# Nubians vs. Alpine



## Petunia_0013 (Dec 6, 2013)

Hello everyone! 

so ive been wondeing whats better alpine or nubian? 

I know they both give about the same amount but which has a better temperment? which milk tastes better? :wallbang::think:

Thanks everyone!!


----------



## NubianFan (Jun 3, 2013)

Well actually typically Alpines give more milk than Nubians. Nubians milk has more butterfat and is therefore richer. I think taste depends on the individual animal, feed, and the person's taste preference. 
Some say Nubians are loud, mine are actually very quiet. Nubians are generally very friendly, but I would think they are very friendly Alpines too. It just kinda depends on your preferences. Most Nubians top out at around 12-14 pounds a day production whereas Alpines regularly milk around 16 pounds a day and can go quite a bit higher. For me though a gallon and a half a day which is the same as 12 pounds is plenty. You need to know your needs and preferences.


----------



## NyGoatMom (Jan 26, 2013)

I agree with Leslie  I have not tasted Alpine milk, however, but it's really about preferences..


----------



## Cedar Point Kikos (Oct 16, 2013)

Our first goats were 2 Alpine does. Nice milk production. But they were nasty, hard to catch, pushy, bossy, pushed ANY younger goat around. They turned some of the family off goats.

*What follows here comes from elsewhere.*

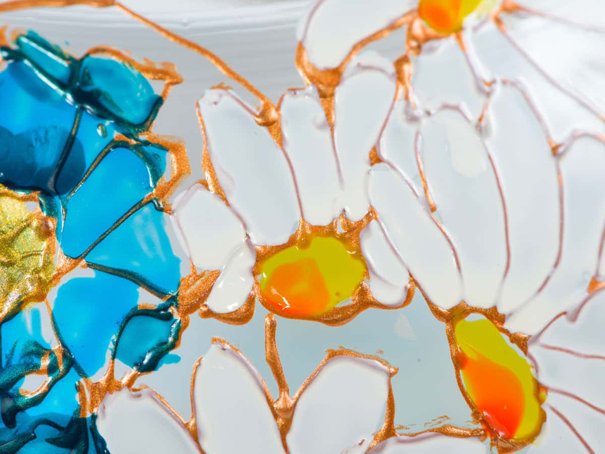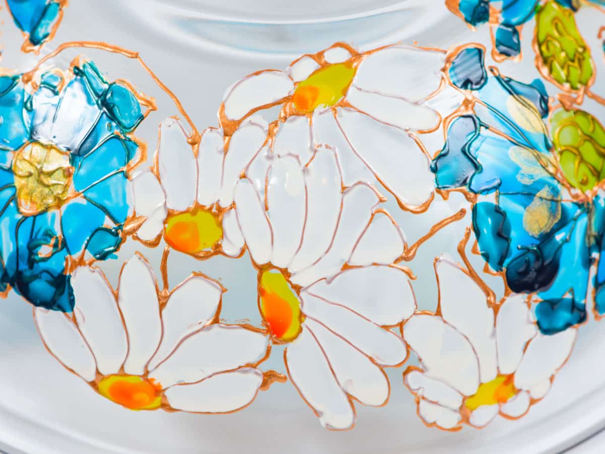 Culorile folosite sunt speciale pentru pictura pe sticla.  Dupa uscare, suprafata colorata este rezistenta si suporta spalare usoara cu un burete fin de spalat vase cu apa rece/calduta si detergenti de vase.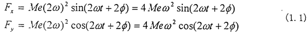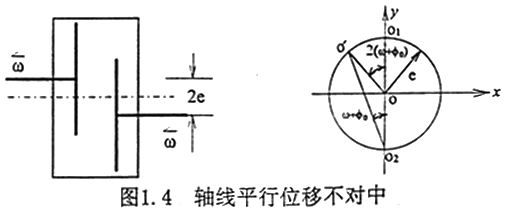 不對中具有一些典型的特征,如不對中比較嚴(yán)重時會使軸承的油膜壓力偏離正常值,聯(lián)軸器不對中時聯(lián)軸器兩端軸承的振動較大,軸心位置不穩(wěn)定,而且在振動頻譜中二倍頻分量幅值較大等。而對于齒輪聯(lián)軸器不對中產(chǎn)生倍頻振動分量的機理研究又是其中的一個重點。文獻[68]指出,由于安裝時轉(zhuǎn)子軸心線不對中引起的振動,在用電機驅(qū)動的轉(zhuǎn)子系統(tǒng)中,當(dāng)電機軸與負載機械由齒輪聯(lián)軸器連接時,電機軸存在二倍頻的振動,而在單獨運動時,倍頻振動立即消失,這表明倍頻振動完全是齒輪聯(lián)軸器耦合的結(jié)果。文獻[64,65]解釋了由于齒輪聯(lián)軸器不對勁中而產(chǎn)生二倍頻振動的機理,以[65]中的軸線平行位移不對中為例見圖1.4,圖中ω為轉(zhuǎn)子的轉(zhuǎn)動的解速度,2e為不對中量,M為內(nèi)齒套的質(zhì)量,φ0為起始回轉(zhuǎn)角。

And definitely turned me away from Alpines. 
I'm hoping to get a Nubian sometime....no more Alpines for me! 
But some Alpines may be real nice, make sure you ask about personality! It's as important as anything else.


----------



## Sylvie (Feb 18, 2013)

Alpines have higher milk production, but Nubians tend to have creamier milk. Both kinds taste the same in my experiance.

My Alpine Doe peaked at 5 quarts at her first freshening, and 1 year later is still milking 3 quarts a day.

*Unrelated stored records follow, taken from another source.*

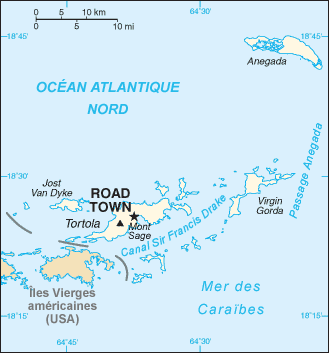 The British Virgin Islands are a group of about 50 islands in the West Indies, only 16 of which are inhabited. They are located in the Caribbean Sea, east of the U.S. Virgin Islands. The main island, Tortola, is separated from St. John in the U.S. Virgin Islands by only 2.3 kilometers. To the east, the island of Virgin Gorda lies 127 km west-northwest of the western tip of the island of Anguilla.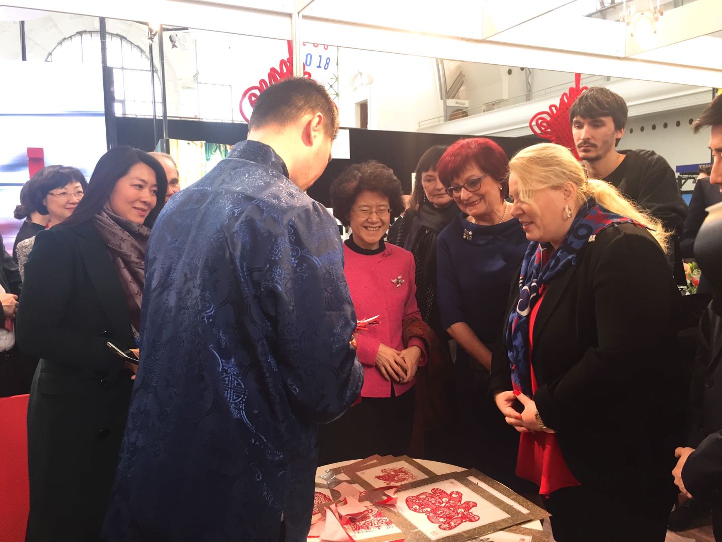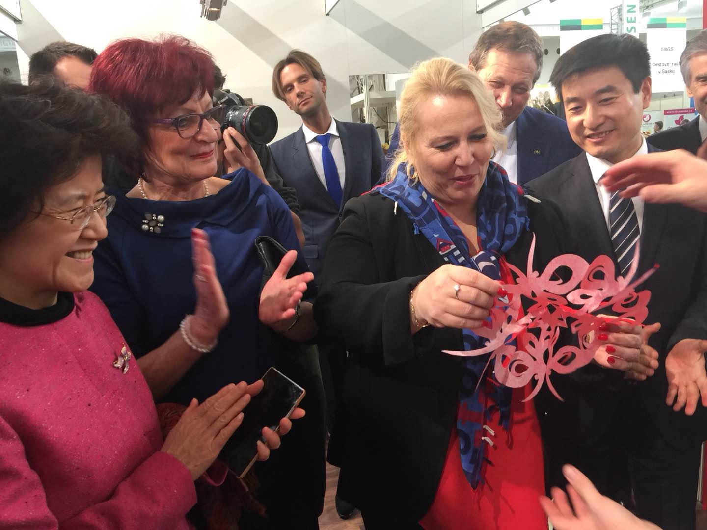 捷克地方發(fā)展部部長多斯塔洛娃饒有興趣地觀賞剪紙表演,與表演者熱情交流
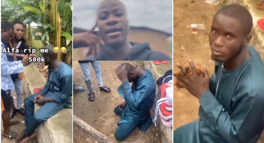About 3 suspected ‘yahoo boys’ (internet fraudsters) have been spotted in a viral video attacking an Islamic cleric popularly known as “alfa” for allegedly “defrauding” their colleague of N500k.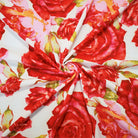 -Red-Pink-Multi Poly Floral Printed Pebble Crepe Woven Fabric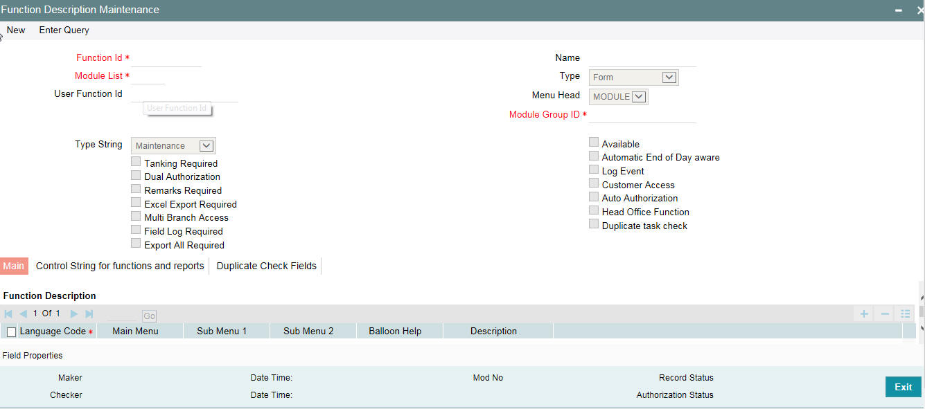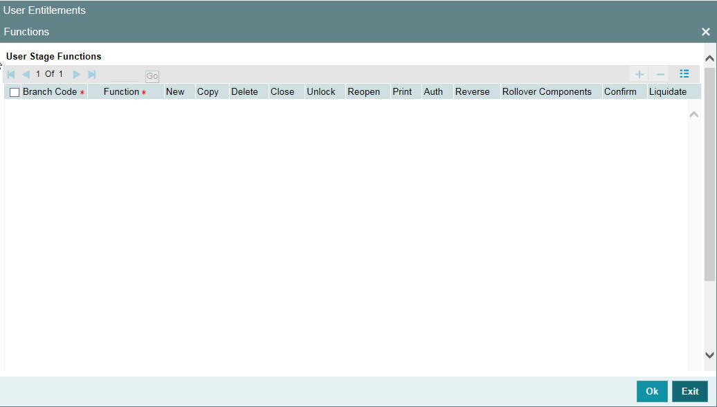 To add a function, click add icon. At Function Identification, you should select the function for which you want to give rights. The adjoining option list displays a list of Function IDs belonging to the category along with their descriptions. From this list you can pick up the function for which you want to give access rights by double clicking on it when it is highlighted. You can then specify the rights to the different actions for the functions by checking against the action.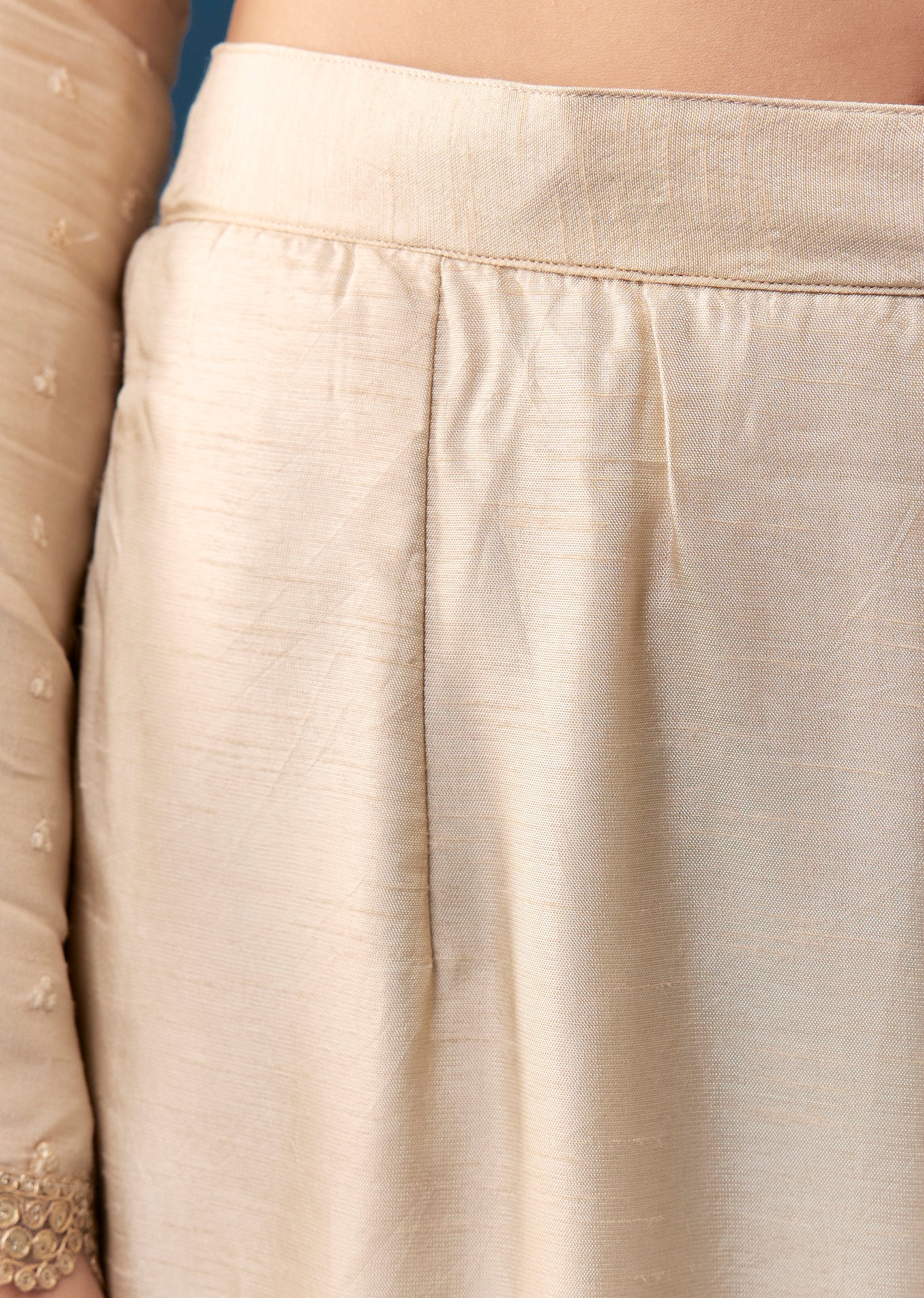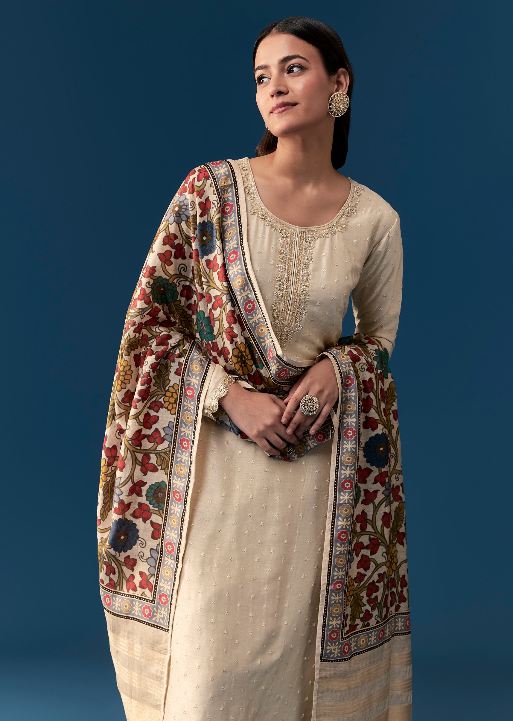 Exude timeless elegance with this cream kurta set adorned with intricate resham embroidery all over the kurta. The neckline is enhanced with delicate cut dana and moti work, adding a... More Product Details

My FF Nubian doe peaked at 2 quarts (My ND could beat that!), and within 2 months was down to .5 quart a day.


Out here in CA, most Nubians are bred as meat/milk goats, so you end up with a slightly meaty goat that gives a little bit of milk.


----------



## Sylvie (Feb 18, 2013)

As for personalities: my Nubian was always a worry-wort & never fit real well with the herd, & my Alpine is the sweetest herd queen ever


----------



## Petunia_0013 (Dec 6, 2013)

Thank you for your opinions. Im really at a crossroads here, right now i have a alpine doe and wether and a alpine/nubian cross doe. Both my full alpines are really pushy and mean to my nubian cross (she absolutely HATES fighting) and i had heard that nubians are friendlier. Thank you guys  im just gonna have to do alot of thinking. :hammer:


----------



## Emzi00 (May 3, 2013)

I'm totally not biased at all, I love my alpines.  Mine are very friendly. They aren't overly pushy, and they're real sweet. Of course it could be the way I raised them. I bottle raised them, and didn't let them be pushy with me or anyone else.


----------



## NubianFan (Jun 3, 2013)

You know Emma you make a very good point, I also didn't respond to mine's vocalizations beyond saying hello and going about my daily chores/business. It could be they learned that being loud didn't get them anywhere really early and learned to be quieter.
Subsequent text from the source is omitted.